One of the most negative lines of attack used by McCain was the recent question: "Who is Barack Obama?"
"That suggests he's not who you think he is. It's a nefarious play to people's fears. 'Is he really a Muslim?' 'Is he close to terrorists?' He's not one of us. It's about making him seem scary and un-American."
Swint compared such attacks to the infamous ad used by late Senator Jesse Helms in his tough re-election campaign in 1990 against Harvey Gantt, the first black mayor of Charlotte, North Carolina.
Those attacks have a not-so-subtle racial element to them, explains Joseph Cummins, the author of "Anything For a Vote: Dirty Tricks, Cheap Shots, and October Surprises."
"It plays into people's pre-existing seeds of racism, that as a Muslim or as a black man, he's alien to the mainstream."
Cummins says that current campaign is in contention to make his list of the top 10 dirtiest presidential campaigns in American history. "The volume of stuff put out by the McCain campaign is pretty extraordinary."

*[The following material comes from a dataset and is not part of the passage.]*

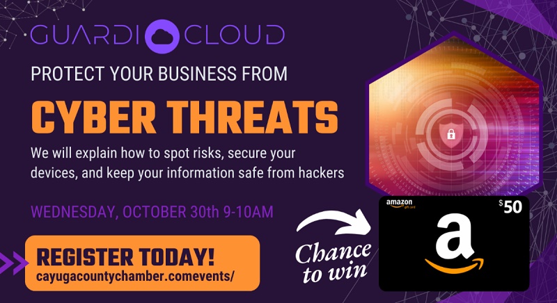 The Cayuga County Chamber of Commerce is hosting Guardicloud Founder and CEO Kieran McManus, who will offer an in-person seminar where you’ll be taught the easy steps to protect your business from cyber threats.
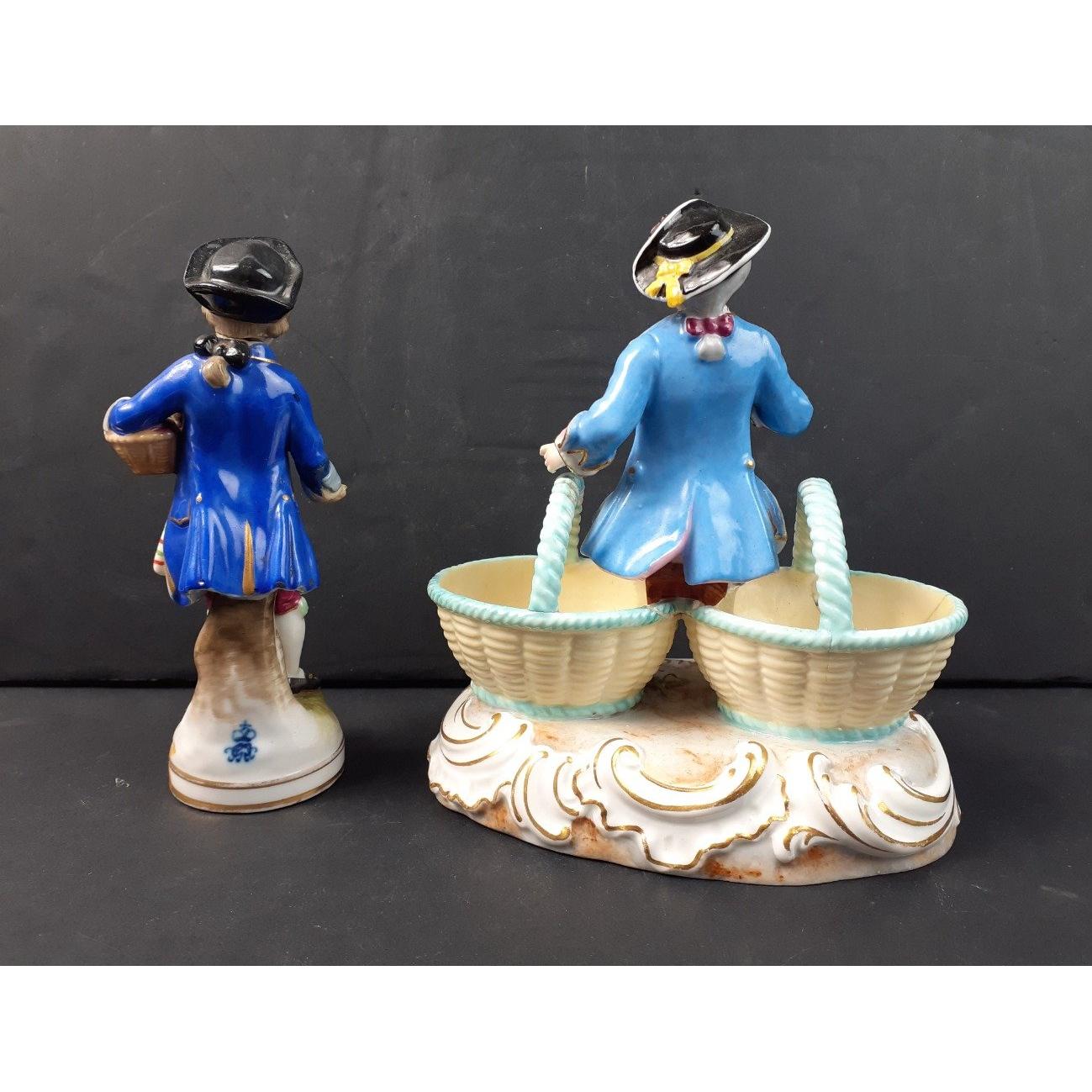 A MEISSEN porcelain figural double salt, modelled as a young boy wearing 18th century costume, and seated between 2 large baskets. Probably late 19th century. Damage to fingers on one hand, damage repaired and chip missing from one basket. Stands 16cm tall and also a VOLKSTEDT porcelain figurine of a boy with a flower basket, dates to approx 1915-1934.

Most of those ads have aired on TV, radio and the Internet and negative attacks have been used in robo-calls by the campaign and Republican party officials.
But some of the crudest attacks, many of which are circulated by independent operatives and players not affiliated with the McCain campaign, have used the oldest campaign technique in the book: flyers posted on bulletin boards and shoved under car windshield wipers.
The worst examples, shown in the accompanying slideshow, have used racist caricatures, implied that Obama has an affinity with Osama Bin Laden, and suggested that the country is on the verge of a race war.
There have been some anti-McCain flyers with caricatures of the candidate as a scarred POW but they did not appear during the general election and were distributed by McCain's contenders in the hotly-contested Republican primary.